As universidades federais têm até este sábado (1º) para se candidatarem ao programa de implantação de cuidotecas, espaços destinados ao acolhimento de crianças de 3 a 12 anos, incluindo aquelas com deficiência. A iniciativa visa oferecer suporte no período noturno para que familiares, especialmente mulheres, possam prosseguir com seus estudos ou trabalho sem preocupações adicionais. Este projeto é uma colaboração entre o Ministério da Educação (MEC) e o Ministério do Desenvolvimento e Assistência Social, Família e Combate à Fome (MDS), fazendo parte do Plano Nacional de Cuidados, uma política do “Plano Brasil que Cuida”.
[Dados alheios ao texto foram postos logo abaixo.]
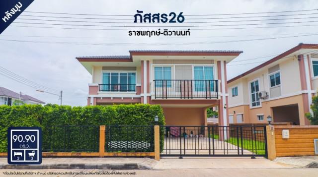 ขาย - บ้านเดี่ยวมือสอง ม.ภัสสร26 ราชพฤกษ์-ติวานนท์ หลังมุม เนื้อที่กว้างขวางกว่า 90.90 ตร.ว. ฟังก์ชัน 3 ห้องนอน 3 ห้องน้ำ จอดรถได้ 2 คัน สภาพใหม่เหมือนมือหนึ่ง พร้อมเข้าอยู่ ทำเลเดินทางสะดวก หน้าโครงการติดถนนถนนราชพฤกษ์ ใกล้ทางด่วน "ศรีสมาน"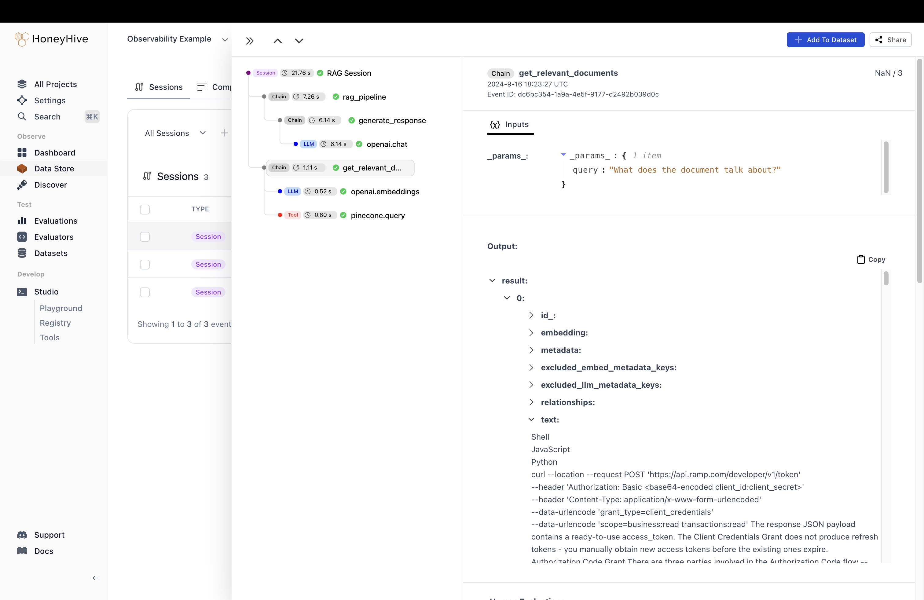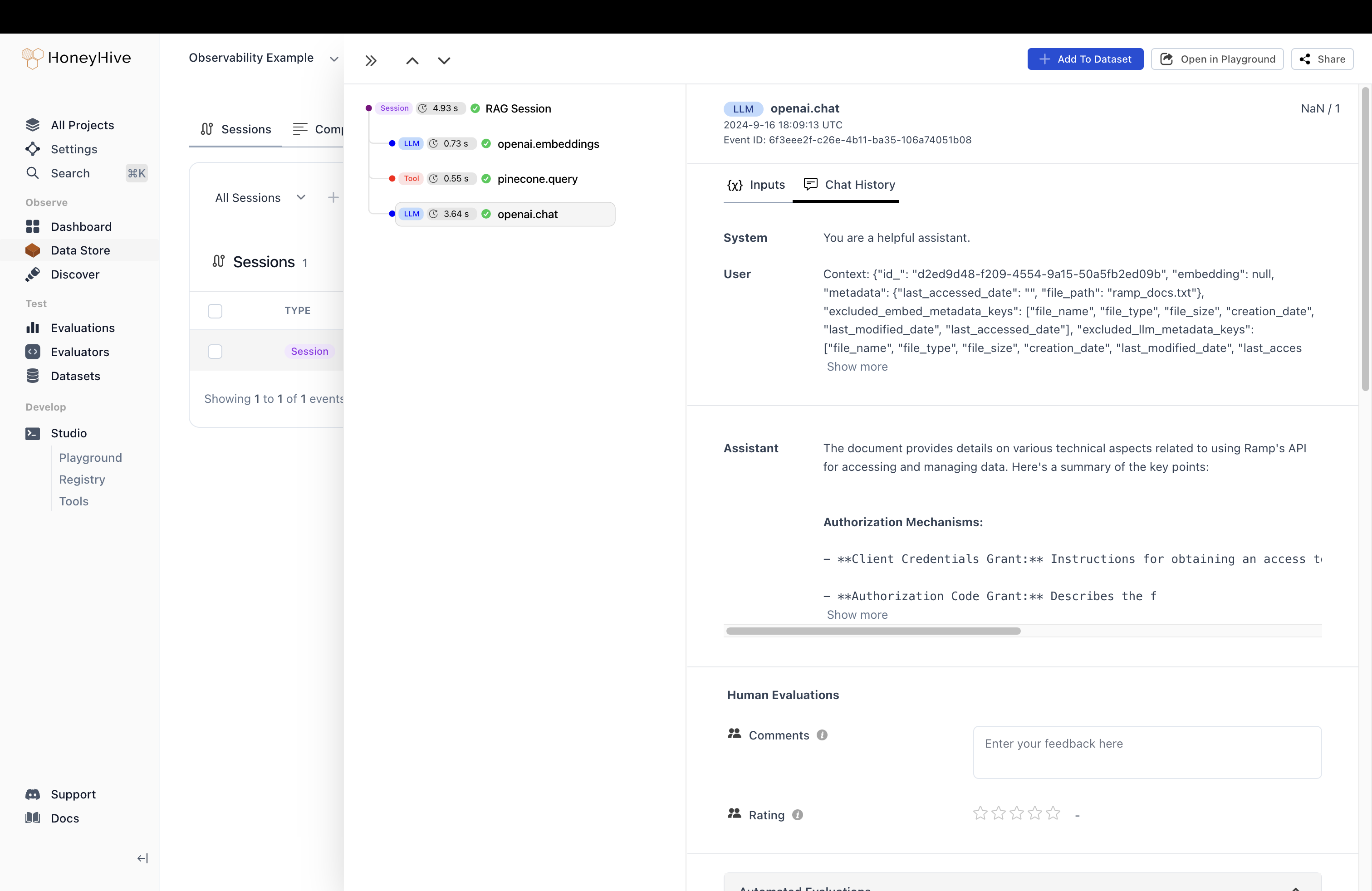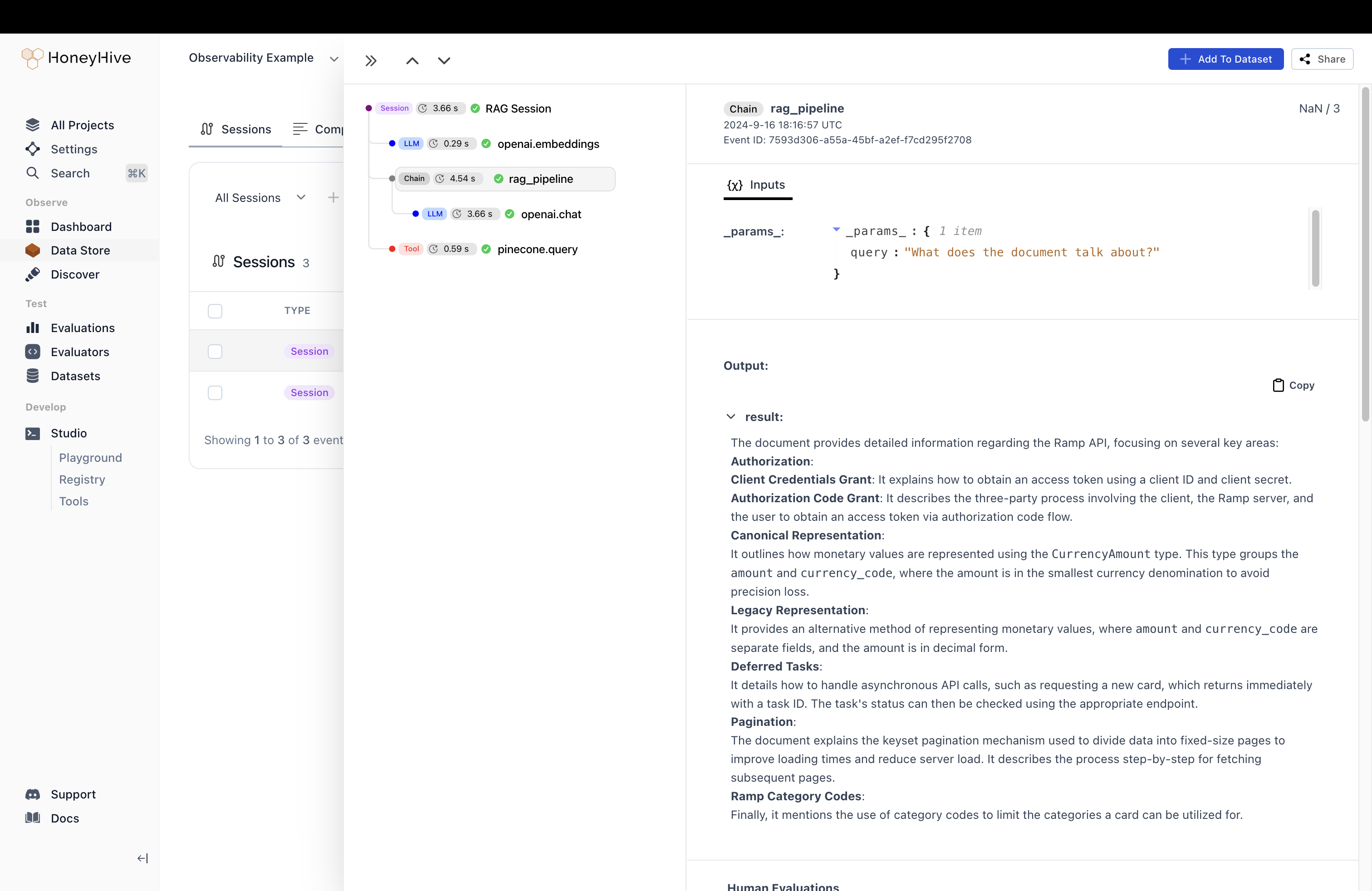 Let’s combine all the concepts we’ve covered into a complete example of a RAG application with HoneyHive observability:- We set up the necessary environment variables and initialize the HoneyHive Tracer.

As inscrições devem ser feitas exclusivamente por e-mail (cgext.dda.sesu@mec.gov.br). Os campus que possuem mais de uma localização deverão selecionar apenas um para instalação da cuidoteca, baseando-se no critério de maior necessidade. Os documentos necessários incluem um plano de trabalho detalhado, um Termo de Compromisso da Reitoria, plantas arquitetônicas do local proposto, fotos do espaço, e declarações oficiais que detalhem o número de estudantes e servidores que utilizam o campus no período noturno.
Cada cuidoteca projetada deverá suportar até 40 crianças simultaneamente, atendendo filhos de estudantes, docentes, técnicos-administrativos e trabalhadores terceirizados. O funcionamento está previsto também para fins de semana, feriados e períodos de férias escolares, proporcionando flexibilidade para a comunidade acadêmica.
Em termos de financiamento, as universidades selecionadas receberão fundos para a criação e manutenção das cuidotecas por um período de 12 meses. Os recursos podem ser aplicados na compra de mobiliário infantil, equipamentos de segurança e acessibilidade, materiais educativos, e na contratação de pessoal necessário para o funcionamento do espaço. Importante destacar que não é permitido o uso dos fundos para reformas estruturais amplas.
A chamada “Estratégica UniCuidotecas” contemplará até 50 instituições com base em um sistema de pontuação que considera a demanda, a vulnerabilidade socioeconômica dos alunos, a abrangência regional com enfoque nas regiões Norte e Nordeste, e as condições de infraestrutura e apoio institucional existentes.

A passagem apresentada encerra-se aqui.